Provided data Start Marker
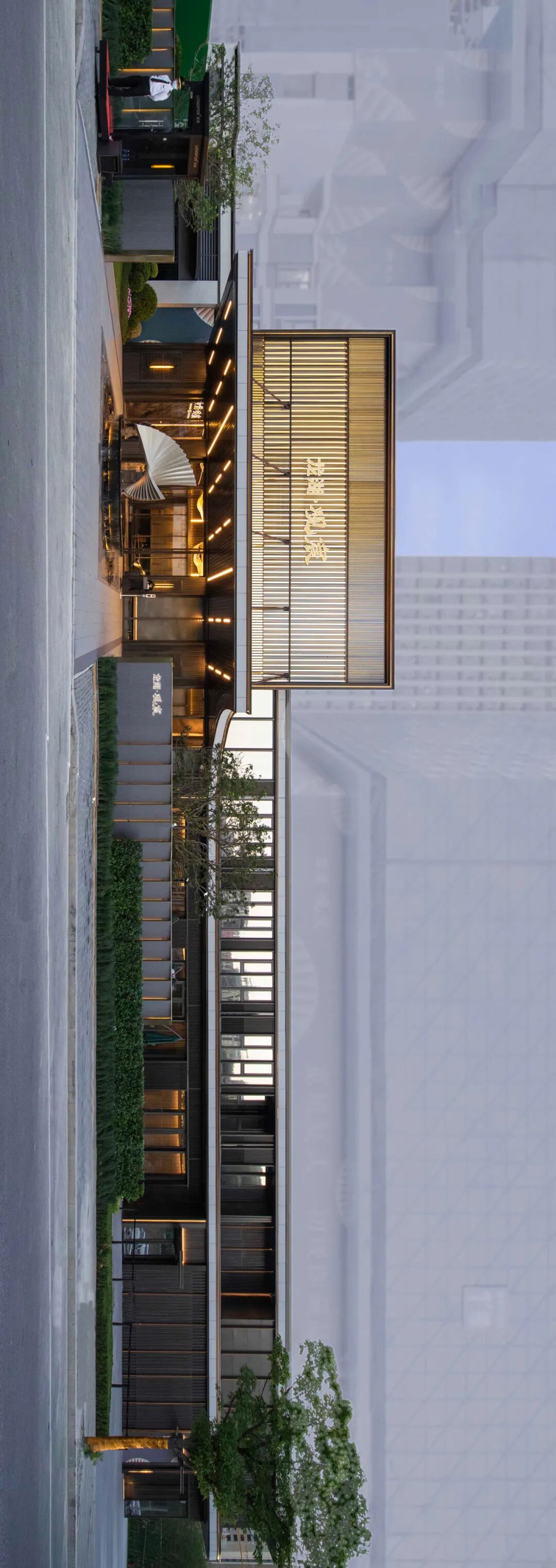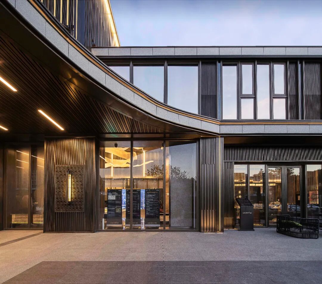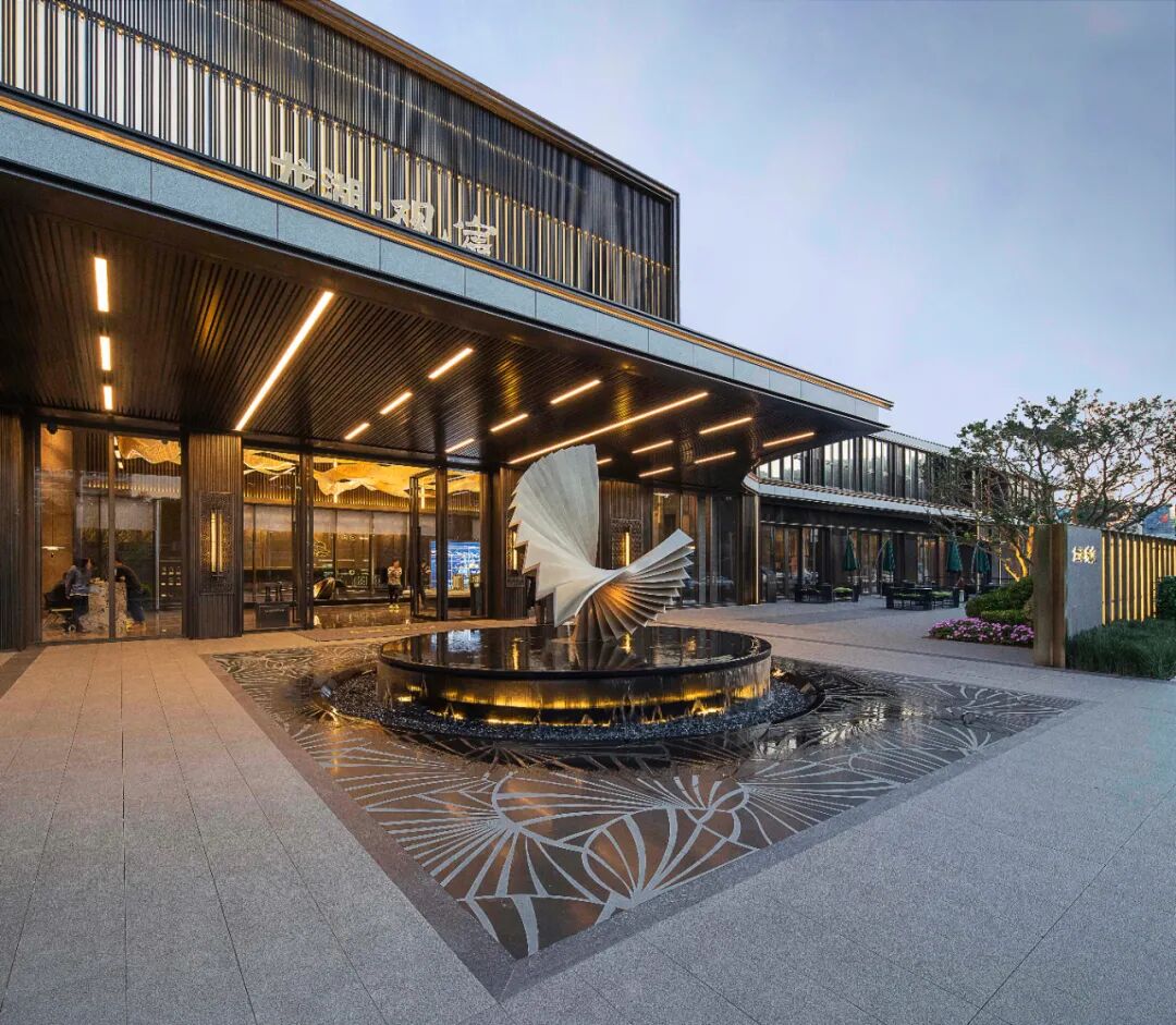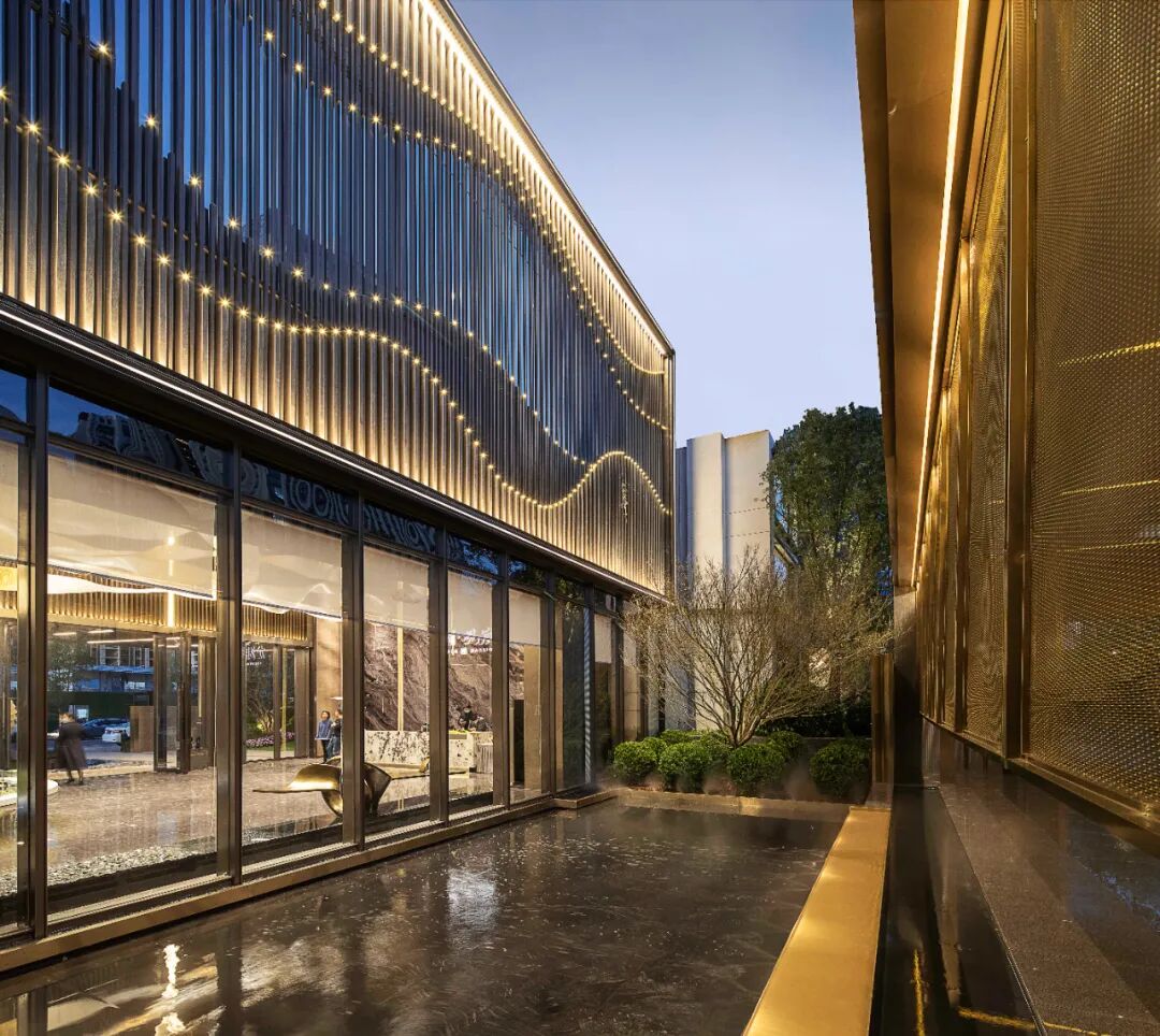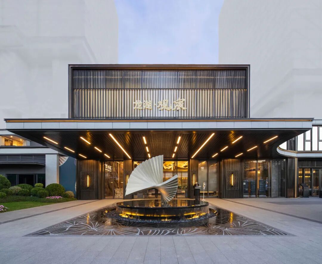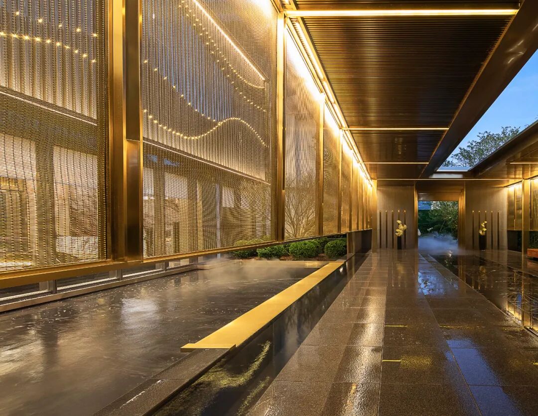 大堂入口精细化的细密格栅与凤尾造型花格相结合,强调现代与精致,同时也寓意凤归福栖,美满平安。凤是象征吉祥的神,代表着吉祥如意,富贵荣华。
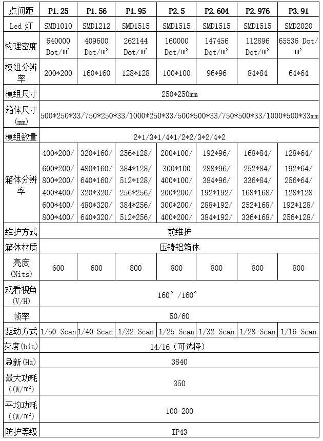 1000*500mm/1000*250mm/750*500mm/750*250mm/500*500mm/500*250mm六种标准尺寸可自由互拼,且箱体可拼直角,适配不同安装场景的大小需求。箱体轻薄化设计:箱体采用压铸铝材质,箱体厚度仅33mm(含模组)
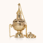 Trybularz z mosiądzu o wysokości 26 cm. Posiada dekoracyjną pokrywę z krzyżem oraz solidny łańcuszek. Starannie wykonany, trwały i wygodny w użytkowaniu. Przeznaczony do liturgii i nabożeństw – łączy funkcjonalność z eleganckim wyglądem.
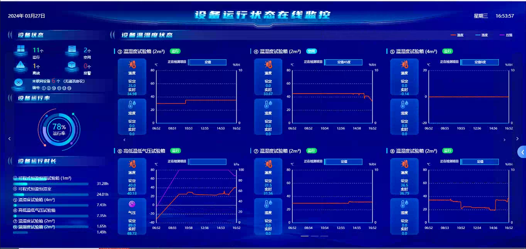 浪潮信息的实验室每天要进行机械环境类(水平冲击测试、抗压测试、自由跌落测试、关机冲击测试......)、气候环境类(高温测试、低温测试、Quality测试......)等实验,需要时刻关注设备状态,以提高设备管理的效率和准确性,确保设备的正常运行和数据的可靠性。金现代LIMS通过数据采集实现实验室设备实时监控。
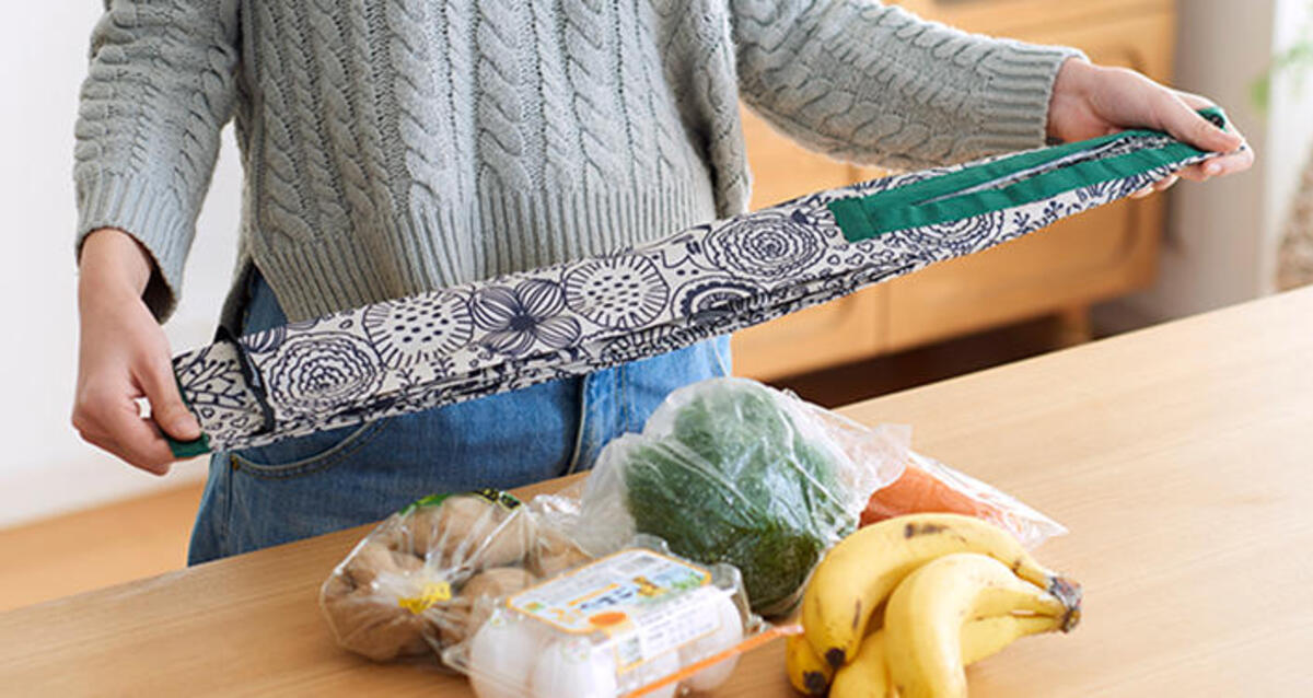 「エコバッグってたたむのが面倒」という声から生まれた、一気にたためるバッグ。両端を引っ張ると一気に帯状になり、一瞬で折りたためます。あとはクルクルっと丸めるだけ。形もサイズも色もバリエーション豊富で、さまざまな用途に合わせて選べます。
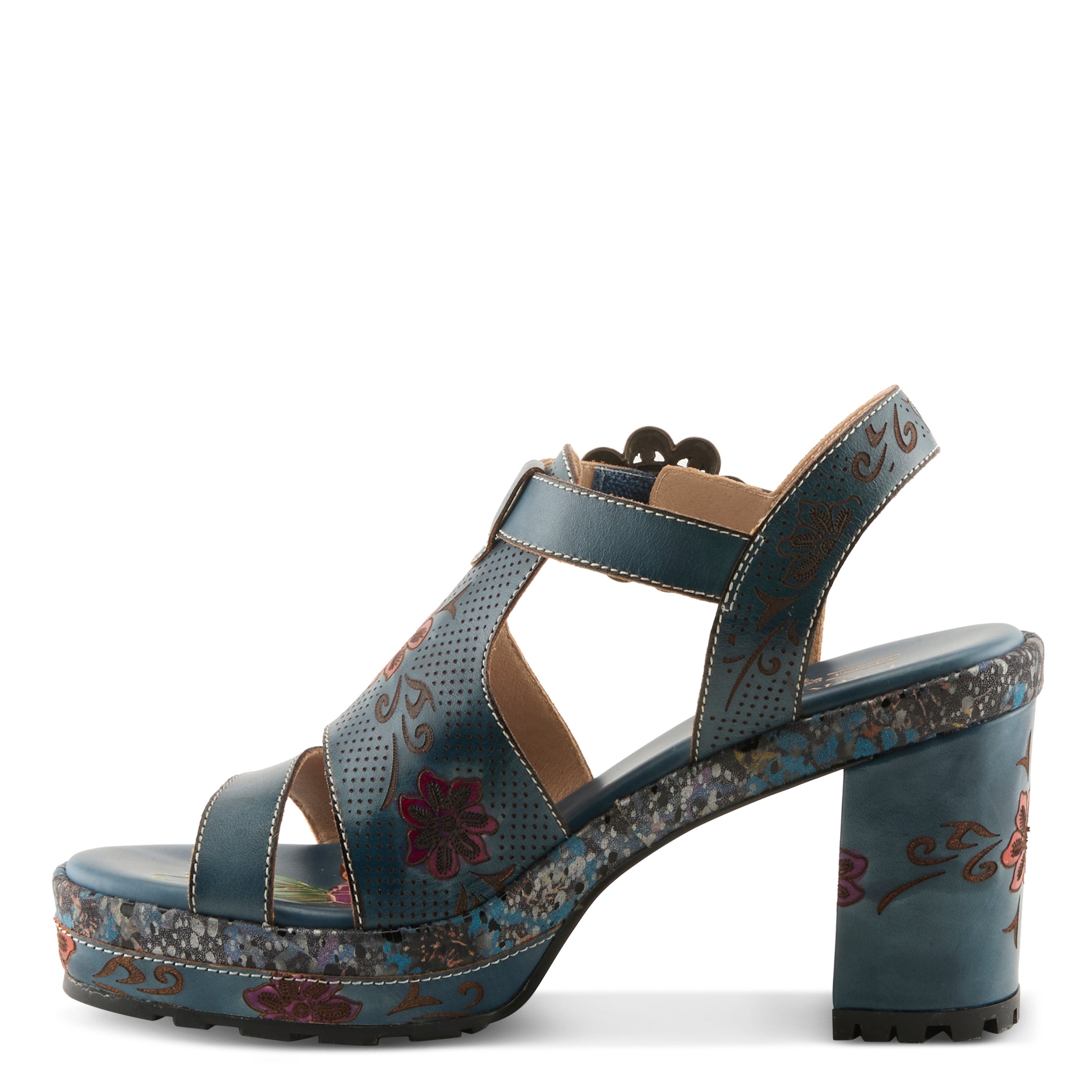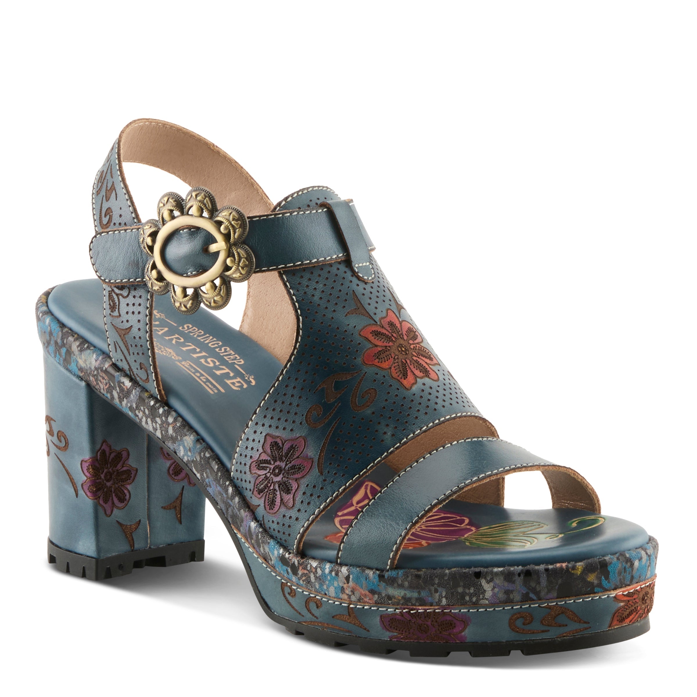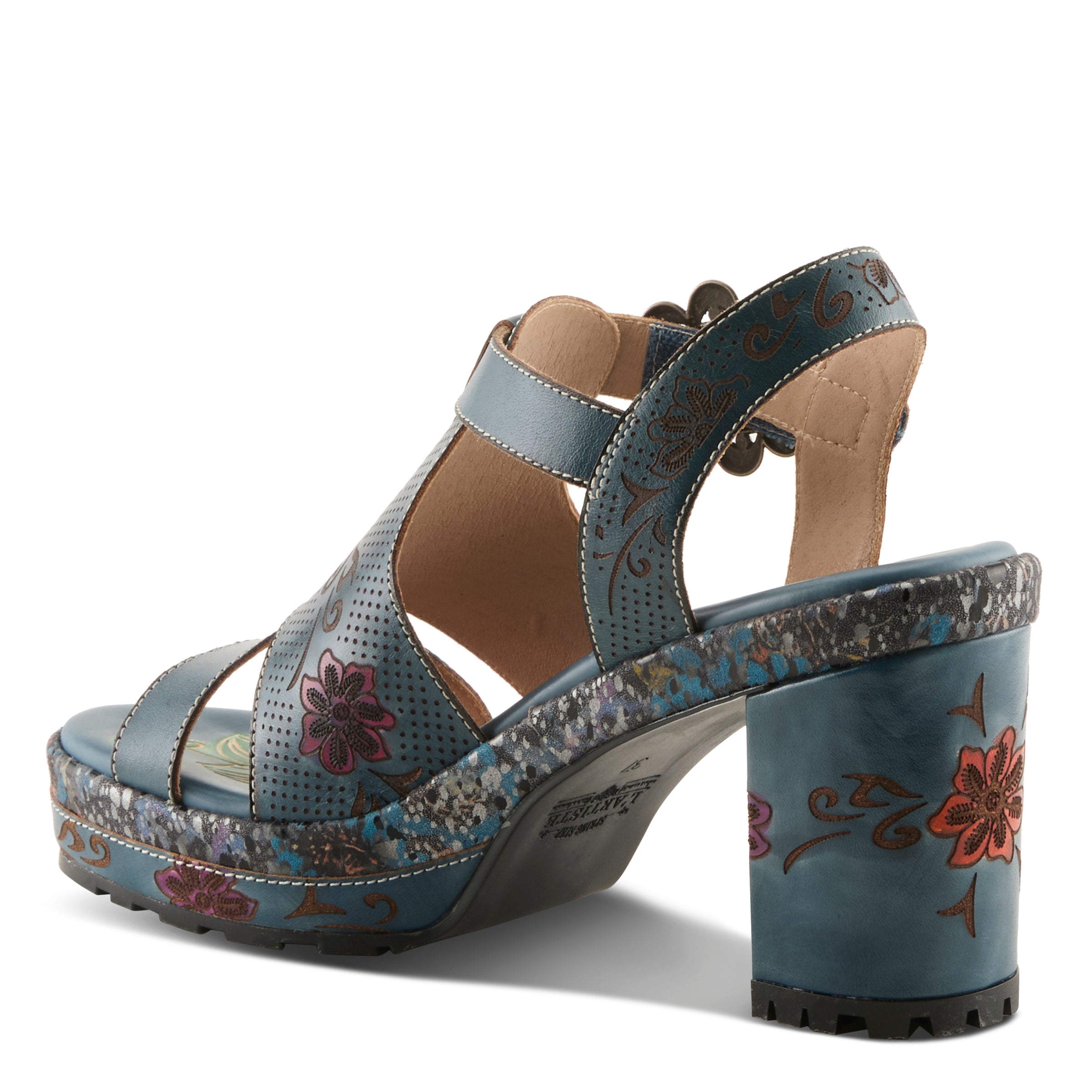 - Bold hand-painted leather upper with modern floral design
Provided data End Marker
= Problem statement =
Beginning with the line in which "浪潮信息的实验室每天要进行机" appears, repeat exactly each line down to the close of the material, leaving every picture out.

= Answer section =
 浪潮信息的实验室每天要进行机械环境类(水平冲击测试、抗压测试、自由跌落测试、关机冲击测试......)、气候环境类(高温测试、低温测试、Quality测试......)等实验,需要时刻关注设备状态,以提高设备管理的效率和准确性,确保设备的正常运行和数据的可靠性。金现代LIMS通过数据采集实现实验室设备实时监控。
 「エコバッグってたたむのが面倒」という声から生まれた、一気にたためるバッグ。両端を引っ張ると一気に帯状になり、一瞬で折りたためます。あとはクルクルっと丸めるだけ。形もサイズも色もバリエーション豊富で、さまざまな用途に合わせて選べます。
 - Bold hand-painted leather upper with modern floral design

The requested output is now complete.